The official rules and project architecture live in:

- `docs/rules_v1_option_a.md`
- `docs/architecture.md`
- `docs/tos_safety.md`

## Core Benchmark Properties

- Game Modes: `holdem` (V1) or `horse_v2` (V2)
- Players: 4 by default, configurable from 3 to 6
- Betting: full no-limit, including all-in and side pots
- Shared state: persistent public pool carried across hands (board cards + stud up-cards)
- Memory check: explicit `believed_pool` verification step
- Metacognition: Default winner action is `continue`, but models can tactically choose `reset`
- Official tracks: `frontier` and `efficiency`
- Resilience: Relaxed JSON parsing mode for ultra-verbose "Reasoning" models

## Supported Flagship Models (April 2026 Roster)

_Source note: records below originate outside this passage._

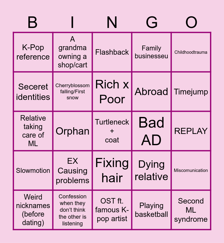 This bingo card has a free space and 38 words: Amnesia, Car crash, Bad english actors, Cherryblossom falling/First snow, Miscomunication, EX Causing problems, Rich x Poor, Secret relationship, Childhoodtrauma, Abroad, Orphan, Family businesseu, Second ML syndrome, REPLAY, Seceret identities, Slowmotion, Webtoon effects, Flashback, Bullying, Bad AD, K-Pop reference, Confession when they don’t think the other is listening, Timejump, Weird nicknames (before dating), Stupid FL, OST ft. famous K-pop artist, Socialmedia scandal, KDrama magic, Blind date, Coma, Arranged marriage, Fixing hair, Playing basketball, A grandma owning a shop/cart, Box folding (Poor people behavior), Dying relative, Relative taking care of ML and Typical FL/ML BFF.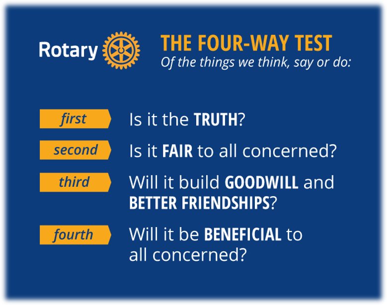- Commitment to Rotary International's Four-Way Test: Above all, we are dedicated to upholding the moral and civic values embodied in Rotary's Four-Way Test: Is it the truth? Is it fair to all concerned? Will it build goodwill and better friendships? Will it be beneficial to all concerned?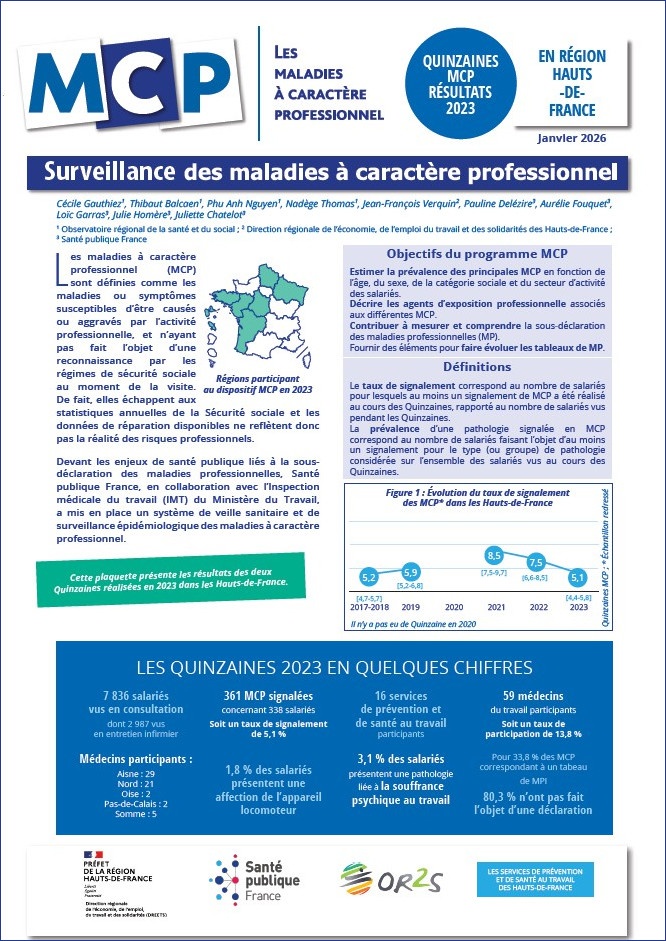 Dans le cadre de sa mission de surveillance épidémiologique des risques professionnels, Santé publique France a mis en place, en partenariat avec l'Inspection médicale du travail (IMT) du Ministère du Travail, un dispositif de surveillance épidémiologique des MCP. En Hauts-de-France, le programme est mené conjointement entre Santé publique France, l'IMT de la Direction régionale de l'économie, de l'emploi, du travail et des solidarités (Dreets) et l'observatoire régional de la santé et du social (OR2S). Il repose sur la participation volontaire de médecins du travail et de collaborateurs médecins de la région, qui signalent deux fois par an, avec l'appui des infirmier(ère)s. Cette plaquette présente les résultats des Quinzaines réalisées au cours de l'année 2023 dans la région.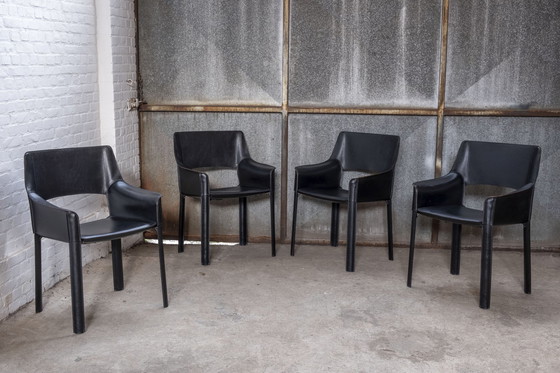 Set van 4 zwarte eetkamerstoelen in de stijl van Mario Bellini en Jacques Adnet van De Couro uit Brazilië. Ontworpen in de jaren 70, deze set is geproduceerd in 1991.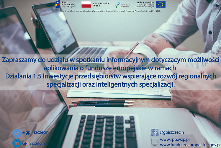 Główny Punkt Informacyjny Funduszy Europejskich w Szczecinie wraz z Wydziałem Wdrażania Regionalnego Programu Operacyjnego serdecznie zapraszają na bezpłatne spotkanie informacyjne dla przedsiębiorstw zakładające rozwój innowacyjności i konkurencyjności przemysłu stoczniowego firm w ramach Działania 1.5 Inwestycje przedsiębiorstw wspierające rozwój regionalnych specjalizacji oraz inteligentnych specjalizacji, które odbędzie się 13 grudnia 2019 r., w godz. 9:00-12:30 w siedzibie Wydziału Wdrażania Regionalnego Programu Operacyjnego Województwa Zachodniopomorskiego, 70-203 Szczecin, ul. Wyszyńskiego 30, sala konferencyjna nr 308.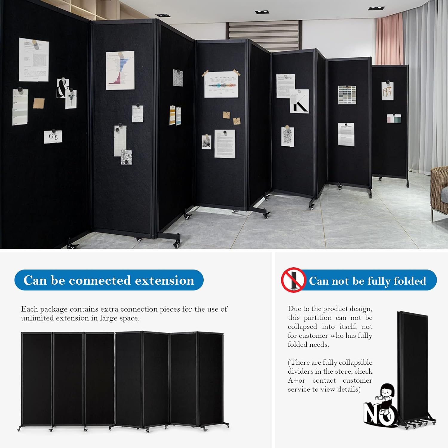 - Flexible operation: This partition wall is easy and smooth to operate, and the partition board can be folded at any angle (≤180°) to complete space partition and meet usage needs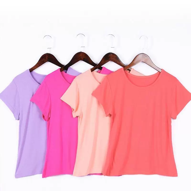 Phương thức với đệm ngực áo thun mùa hè áo vest nữ miễn phí áo ngực nửa tay áo cúp một bộ đồ ngủ yoga bottoming top - Pyjama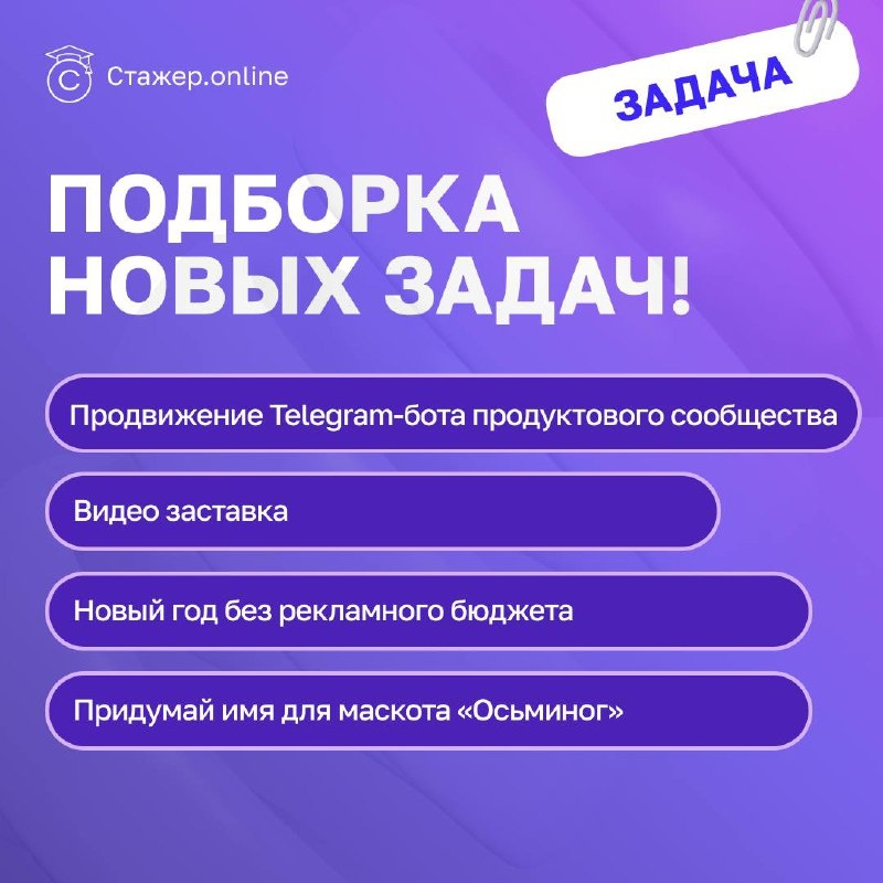 ! 🎨Новая порция интересных заданий подъехала! Если тебе хочется делать не абстрактные задания, а реальные проекты для компаний, которые потом можно добавить в портфолио — эти задачи именно для тебя. 💜 Продвижение Telegram-бота продуктового сообщества «Немного продакт» «Немного продакт» - продуктовое сообщество с активной аудиторией продакт-менеджеров, дизайнеров и IT-специалистов. Есть Telegram-бот @nemnogoproduct_official_bot, через который предоставляются платные и бесплатные услуги. ‼️ Нужно: Придумать нестандартные способы продвижения бота и его услуг, выходящие за рамки банальных рекламных постов и прямых продаж. ➡️ Подробности тут 💜 Создай необычную видеозаставку для «Клубничных пиратов» Клубничные пираты - проффесиональное сообщество фермеров России! Они рассказывают и показывают, как выращиваются ягоды, а также продают их. 👨💻Что нужно сделать: Необходимо создать видео заставку для антиконференции посвящённой выращиванию клубники и других ягодных культур. Заставка дли

- **Gemini 3.1 Pro** & **Gemini 3 Flash** (Google)
- **GPT-5.5** & **GPT-5.4 Mini** (OpenAI)
- **Grok 4.20 Reasoning** & **Grok 4.1 Fast** (xAI)
- **Mistral Large latest** & **Mistral Small 4** (Mistral AI)
- **DeepSeek V4 Pro** (DeepSeek)

## Roadmap

1. Phase 0 - finalized rules, model registry, architecture, packaging
2. Phase 1 - core game engine and hand evaluator
3. Phase 2 - LLM integration through LiteLLM with strict JSON outputs
4. Phase 3 - tournament orchestration and metrics
5. Phase 4 - public release assets and demo
6. **Phase 5 (Active) - H.O.R.S.E variants, incremental JSONL writing, and Diabolical Survival Mode**

## Quick Start

```bash
python -m venv .venv
source .venv/bin/activate
pip install -e '.[dev,llm,ui]'
pytest
```

## CLI Workflow

List the official benchmark roster:

```bash
persistentpoker-bench models
persistentpoker-bench models --track frontier
```

Run a live LiteLLM-backed tournament from JSON config (Incremental writing supported):

```bash
persistentpoker-bench run \
  --config ./configs/horse_v2_frontier_mistral_2026-04-29.json \
  --outdir ./artifacts/horse-v2-run
```

### V2 H.O.R.S.E Config Example (with relaxed parsing)

```json
{
  "track": "frontier",
  "game_mode": "horse_v2",
  "termination_rule": "hand_limit",
  "seeds": [20260429],
  "hand_count": 5,
  "base_seed": 0,
  "budget_caps": {
    "total_cost_cap": 25.0
  },
  "lineups": [
    {
      "lineup_id": "horse-v2-frontier",
      "entrants": [
        {
          "seat_name": "Mistral Large",
          "provider": "mistral",
          "model_id": "mistral-large-latest",
          "prefer_json_mode": false
        },
        {
          "seat_name": "Gemini 3.1 Pro",
          "provider": "gemini",
          "model_id": "gemini-3.1-pro",
          "extra_kwargs": {
            "thinking": { "type": "enabled", "budget_tokens": 256 }
          }
        }
      ]
    }
  ]
}
```

*Note: For Deep Reasoning models (GPT-5.5, Mistral Large, Grok 4.20), `prefer_json_mode: false` is highly recommended to prevent API crashes when the model outputs `<think>` blocks or verbose markdown.*

Play a live terminal session with one or more humans:

```bash
persistentpoker-bench play \
  --players "Alice,Bob,CPU1,CPU2" \
  --human-seats 1,2 \
  --hands 3 \
  --seed 20260428
```

Launch the replay web studio (Gradio):

```bash
persistentpoker-bench web --host 127.0.0.1 --port 7860
```

Hugging Face Space readiness:

- Space app entrypoint: `hf_space/app.py`
- Space dependencies: `requirements.txt`
- provider keys should be stored as **Space Secrets**, not hard-coded

## Release Artifacts

The public workflow now supports:

- **Resilient Incremental Logging**: `results.jsonl`, `match_summaries.jsonl`, `decision_traces.jsonl` are written match-by-match to prevent data loss on API timeout.
- CSV leaderboard export focusing on ROI and Chip Deltas
- budget caps per run, provider, and model
- LiteLLM multi-provider execution with exponential backoff retries
- Gradio replay UI with real-time markdown extraction

## License

TBD. MIT or Apache-2.0 are both compatible candidates.